**EXCERPTED RECORDS:**
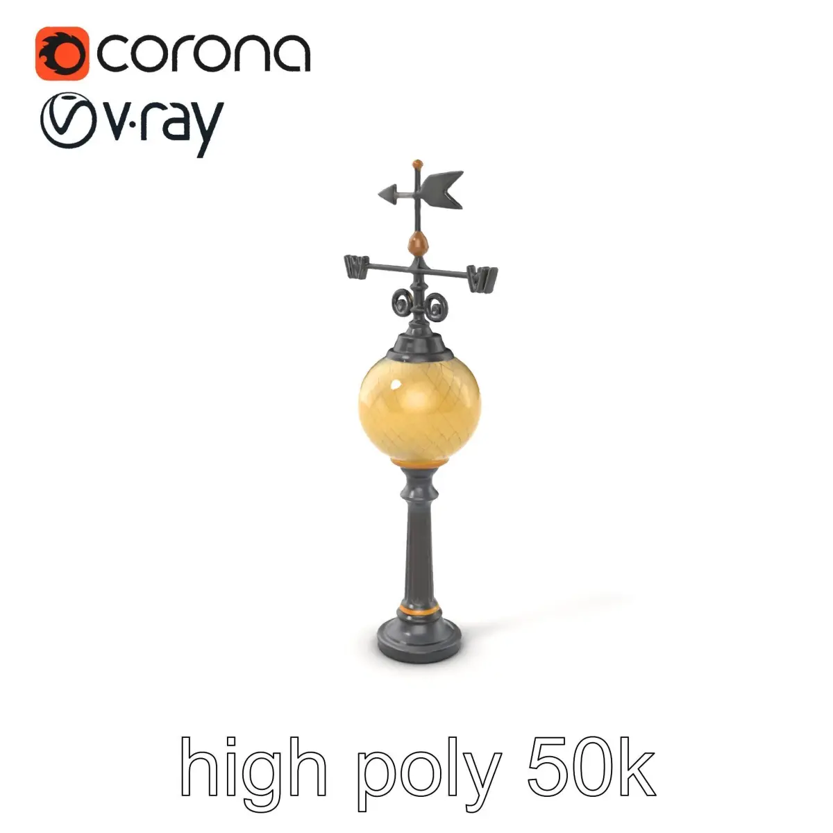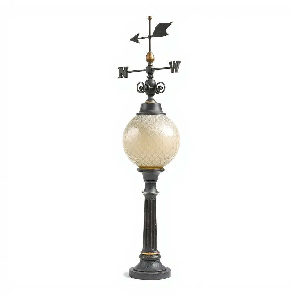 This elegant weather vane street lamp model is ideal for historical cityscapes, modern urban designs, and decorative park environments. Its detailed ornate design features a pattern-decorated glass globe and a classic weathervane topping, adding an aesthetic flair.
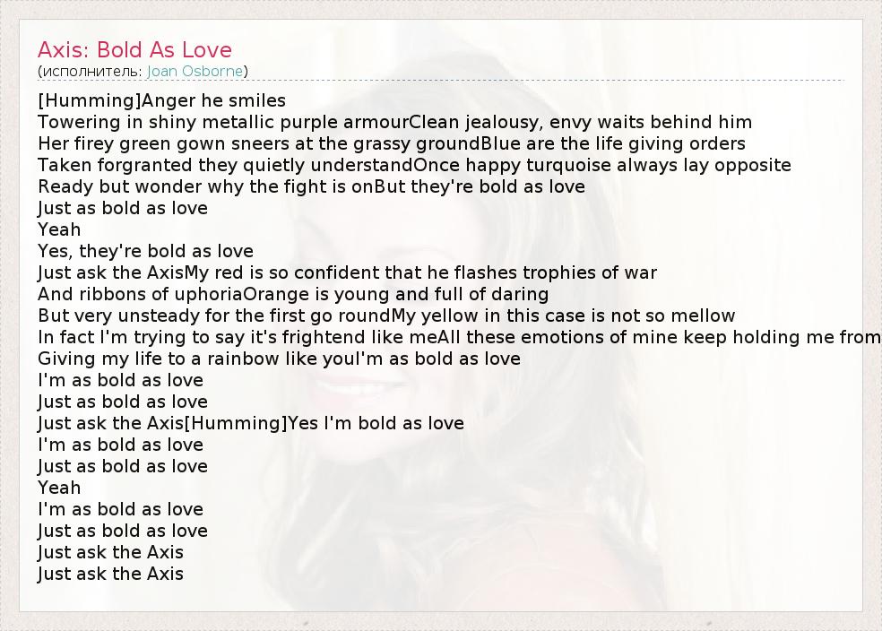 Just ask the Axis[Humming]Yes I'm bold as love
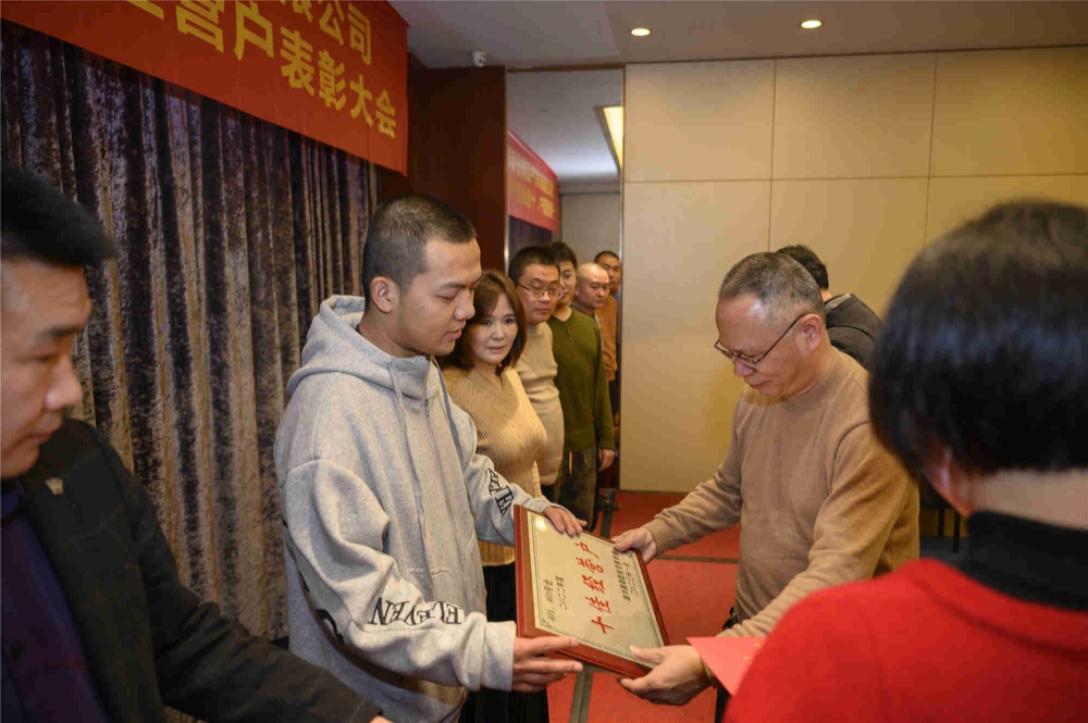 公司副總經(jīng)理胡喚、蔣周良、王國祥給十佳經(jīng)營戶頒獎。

...

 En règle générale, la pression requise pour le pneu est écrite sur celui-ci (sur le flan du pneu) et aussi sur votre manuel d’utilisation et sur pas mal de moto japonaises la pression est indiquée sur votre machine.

**TASK BRIEF:**
Print exactly, with no pictures, the lines above from the one that holds "Just ask the" through the one that holds "公司副總經(jīng)理胡喚、蔣周良、王國祥給十佳經(jīng)營戶頒獎。", both of them included.

**THE ANSWER:**
 Just ask the Axis[Humming]Yes I'm bold as love
 公司副總經(jīng)理胡喚、蔣周良、王國祥給十佳經(jīng)營戶頒獎。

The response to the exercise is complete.